Ruby flips him off with a grin. “Please. I don’t spit. I swallow.”
The room goes quiet for half a beat before Darla groans and tosses a pillow at her head. Ruby just laughs, catching it one-handed, already poised for the reaction. But there’s a flicker of something warm in her eyes as she glances Nash’s way. He catches it, doesn’t acknowledge it, but his mouth twitches, a faint response to something he might’ve felt too.
East plops down in the armchair with all the grace of a sack of potatoes and reaches for a cookie someone left on the table. “We lived, we plotted, we probably ruined some lives. Can I get a gold star or what?”
Kyle raises a brow. “You ate four of the planning snacks and made zero useful contributions.”
East takes a bite of the cookie and shrugs. “Morale is important.”
“I mean… he’s not wrong,” Frankie chimes in, twirling her pen.
I know what they’re doing. All of them. Cracking jokes. Tossing jabs. Making light of the pressure building in our chests. They’re not just trying to entertain—they’re trying to keep us from splintering apart. And I love them for it. Their laughter is armor, even if it’s bruised and a little bent out of shape. It holds us together when nothing else can.
Ruby suddenly claps her hands and sits bolt upright. “Game night!”
Darla squints at her. “Ruby, the sun is literally still out.”
“So? Joy knows no curfew.”
A chorus of groans and muffled laughter answers her.
“No. Absolutely not,” Nash says flatly.
“We’re doing it,” Ruby insists. “Pictionary. Charades. I don’t care. We need joy. I demand joy.”
Knox sighs, the sound weary with the heaviness of too many lost battles. “Someone hide the markers before she tries to reenact Die Hard again.”
“That was ONE TIME,” Ruby shouts. “And my Bruce Willis impression was flawless.”
“It ended with you somersaulting into a coffee table,” Sloane deadpans.
“Which was committed acting, thank you.”
Malachi slides in beside me on the couch, his arm draping around my shoulders. His lips brush the side of my temple. “You okay?” he murmurs.
I nod slowly, still smiling as Ruby starts drawing on a napkin and shouting, “Is it a sword? A rocket? A confused snake?!”
My breath hitches. The brush of his mouth against my temple lingers, heat left behind from a brand. His body radiates warmth where it touches mine. I feel the weight of him beside me, not crushing, not smothering. Just solid. Steady. Real.
I shift slightly, pressing into him, letting my side mold to his without hesitation. His arm tightens just enough around me tosay he feels it too, and he welcomes it. Whatever hesitation was left between us, it slips away in the silence, replaced by something quieter, deeper. A choice.

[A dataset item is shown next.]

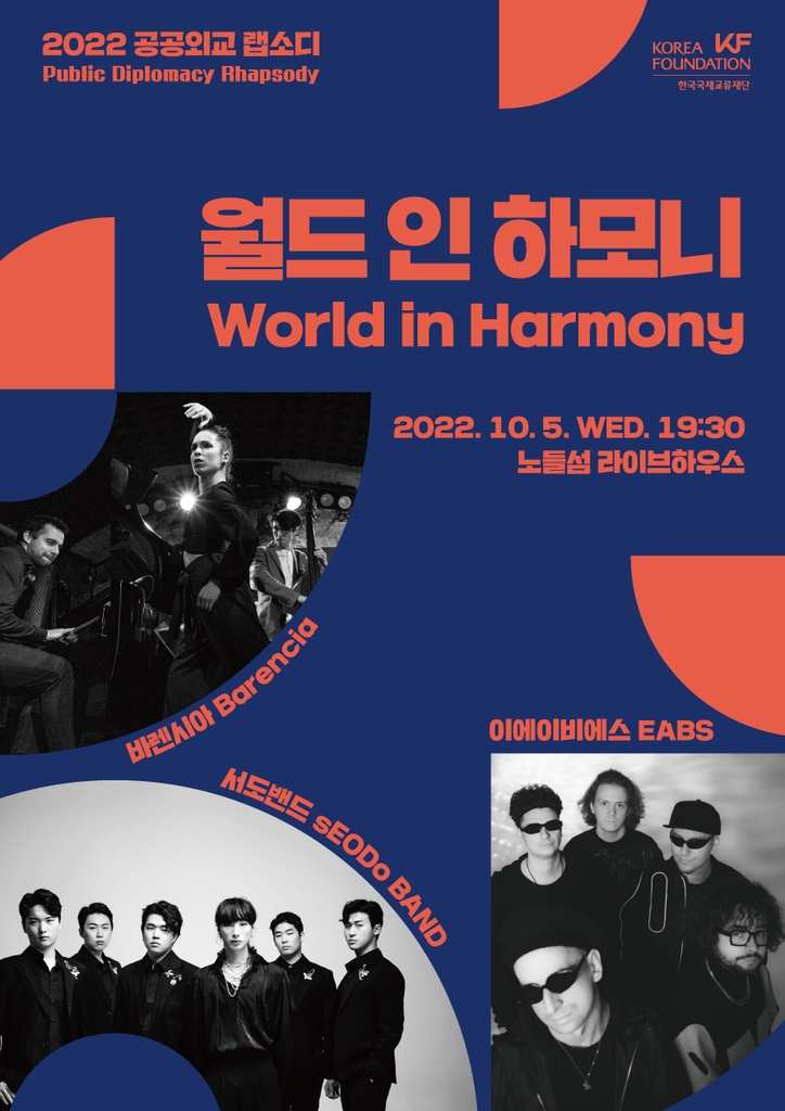 한국국제교류재단(KF·이사장 김기환)은 오는 11월 중순 예정된 '제5회 공공외교주간' 사전 이벤트로 내달 5일 오후 7시 30분 노들섬 라이브하우스에서 '2022 공공외교-월드 인 하모니' 공연을 개최한다고 28일 밝혔다.

“Please tell me that’s not a phallic mushroom,” Frankie says, peering over Ruby’s shoulder.
Ruby gasps. “You saw a mushroom? This is clearly a fire hydrant in distress.”
East leans forward, squinting. “If that’s a fire hydrant, I’m a ballerina.”
Darla throws her hands up. “Okay, girls versus guys. Pictionary. First to ten points wins. Losers clean the bathrooms.”
Groans erupt around the room, but no one actually says no.
“Candace,” Ruby calls. “You’re with me. We need your trauma-fueled accuracy.”
I blink. “What?”
“Girl, you draw like someone who’s seen some shit. We need that.”
I laugh, despite myself, and take the marker. “Fine. But I’m not doing anatomy.”